• **Data excerpt**
*-*-*
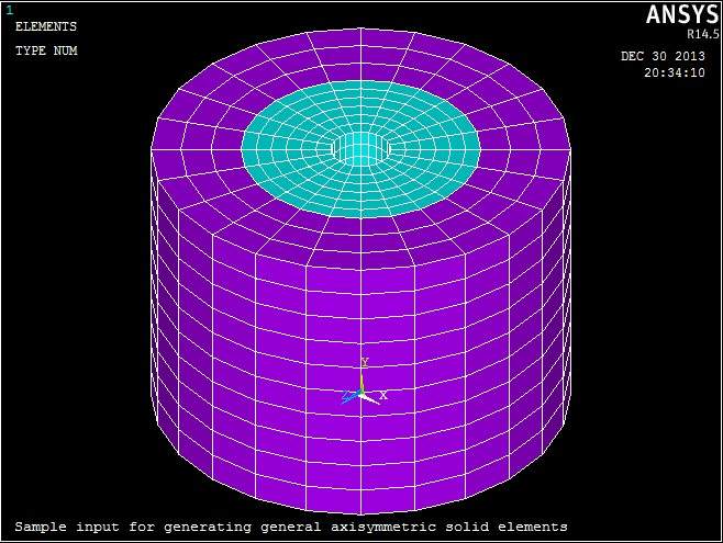/title, Sample input for generating general axisymmetric solid elements
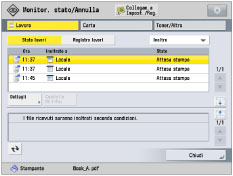 Se [Gestione ID divisione] o [Limite funzioni] per [Gestione ID divisione] è impostato su 'On', la schermata di avvio potrebbe differire dalla schermata impostata per essere visualizzata come predefinita all'avvio. Se [Gestione ID divisione] è impostato su 'On' e se per la schermata predefinita è impostata una funzione limitata mediante Limite funzioni, all'avvio viene visualizzata la schermata Menu principale. (Se [Gestione ID divisione] è impostato su 'On', [Copia] viene limitata mediante Limite funzioni). Per visualizzare la funzione impostata per la schermata di avvio predefinita, selezionare la funzione nella schermata Menu principale → digitare ID divisione/PIN nella schermata Collegamento. Se tutte le funzioni in [Limite funzioni] per [Gestione ID divisione] sono impostate su 'On', anche se si imposta 'On' per [Apri Monitor. stato/Annulla], la schermata Collegamento viene visualizzata all'avvio. Se si preme , viene visualizzata la schermata Monitoraggio stato/Annulla. (Se si desidera visualizzare la schermata Monitoraggio stato/Annulla, non è necessario un ID divisione/PIN).Per maggiori informazioni sulla Gestione ID divisione, vedere "Specifica della Gestione ID divisione". Se si utilizza SSO-H (Single Sign-On H), indipendentemente dalle impostazioni della [Schermata predefinita dopo avvio/ripristino], la schermata Collegamento viene visualizzata all'avvio. Se si preme , viene visualizzata la schermata Monitoraggio stato/Annulla. (Se si desidera visualizzare la schermata Monitoraggio stato/Annulla, non è necessario un nome utente/password). Per ulteriori informazioni su SSO-H, vedere "SSO-H (Single Sign-On H)". |
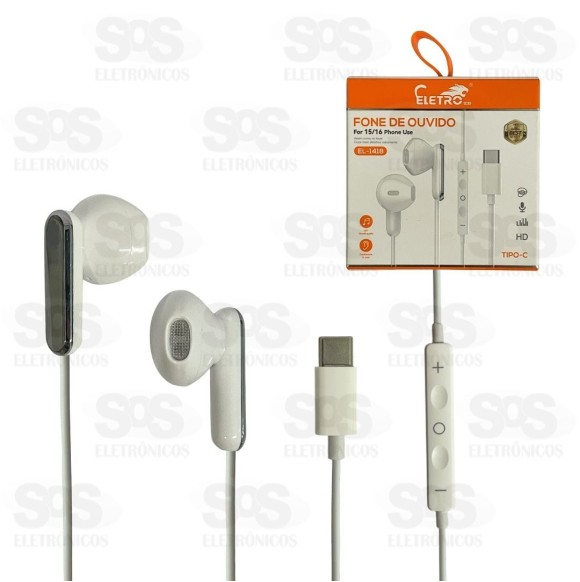 Fone De Ouvido Com Microfone Type C Eletromex EL-1418 Fone de ouvido estéreo com som de alta definição. Com microfone integrado e botões de controle no cabo. 110 cm de comprimento. Conexão Type-C.
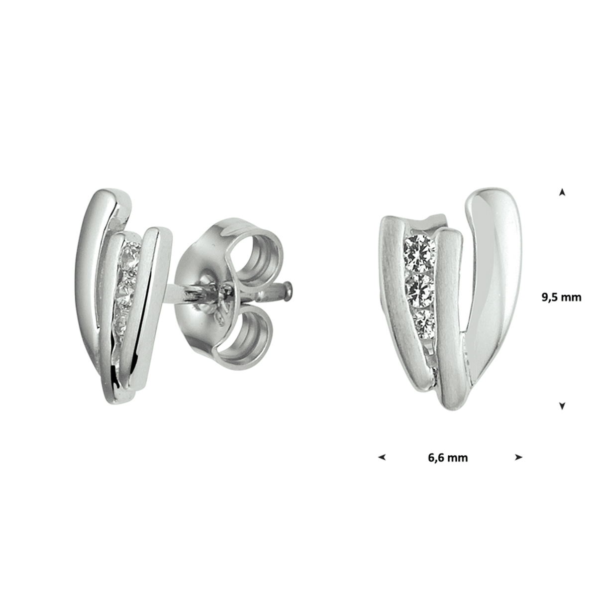 Gerhodineerd zilveren oorknoppen met een afmeting van 9.5x6.6mm uitgevoerd met een luxe rijzetting van 3 briljant geslepen zirkonia. De oorknoppen zijn te combineren met bijpassende sieraden uit onze collectie.
*-*-*
• **How to complete this task**
Word for word, retype all of the data above, but include no pictures.

• **Response to the exercise**
/title, Sample input for generating general axisymmetric solid elements
 Se [Gestione ID divisione] o [Limite funzioni] per [Gestione ID divisione] è impostato su 'On', la schermata di avvio potrebbe differire dalla schermata impostata per essere visualizzata come predefinita all'avvio. Se [Gestione ID divisione] è impostato su 'On' e se per la schermata predefinita è impostata una funzione limitata mediante Limite funzioni, all'avvio viene visualizzata la schermata Menu principale. (Se [Gestione ID divisione] è impostato su 'On', [Copia] viene limitata mediante Limite funzioni). Per visualizzare la funzione impostata per la schermata di avvio predefinita, selezionare la funzione nella schermata Menu principale → digitare ID divisione/PIN nella schermata Collegamento. Se tutte le funzioni in [Limite funzioni] per [Gestione ID divisione] sono impostate su 'On', anche se si imposta 'On' per [Apri Monitor. stato/Annulla], la schermata Collegamento viene visualizzata all'avvio. Se si preme , viene visualizzata la schermata Monitoraggio stato/Annulla. (Se si desidera visualizzare la schermata Monitoraggio stato/Annulla, non è necessario un ID divisione/PIN).Per maggiori informazioni sulla Gestione ID divisione, vedere "Specifica della Gestione ID divisione". Se si utilizza SSO-H (Single Sign-On H), indipendentemente dalle impostazioni della [Schermata predefinita dopo avvio/ripristino], la schermata Collegamento viene visualizzata all'avvio. Se si preme , viene visualizzata la schermata Monitoraggio stato/Annulla. (Se si desidera visualizzare la schermata Monitoraggio stato/Annulla, non è necessario un nome utente/password). Per ulteriori informazioni su SSO-H, vedere "SSO-H (Single Sign-On H)". |
 Fone De Ouvido Com Microfone Type C Eletromex EL-1418 Fone de ouvido estéreo com som de alta definição. Com microfone integrado e botões de controle no cabo. 110 cm de comprimento. Conexão Type-C.
 Gerhodineerd zilveren oorknoppen met een afmeting van 9.5x6.6mm uitgevoerd met een luxe rijzetting van 3 briljant geslepen zirkonia. De oorknoppen zijn te combineren met bijpassende sieraden uit onze collectie.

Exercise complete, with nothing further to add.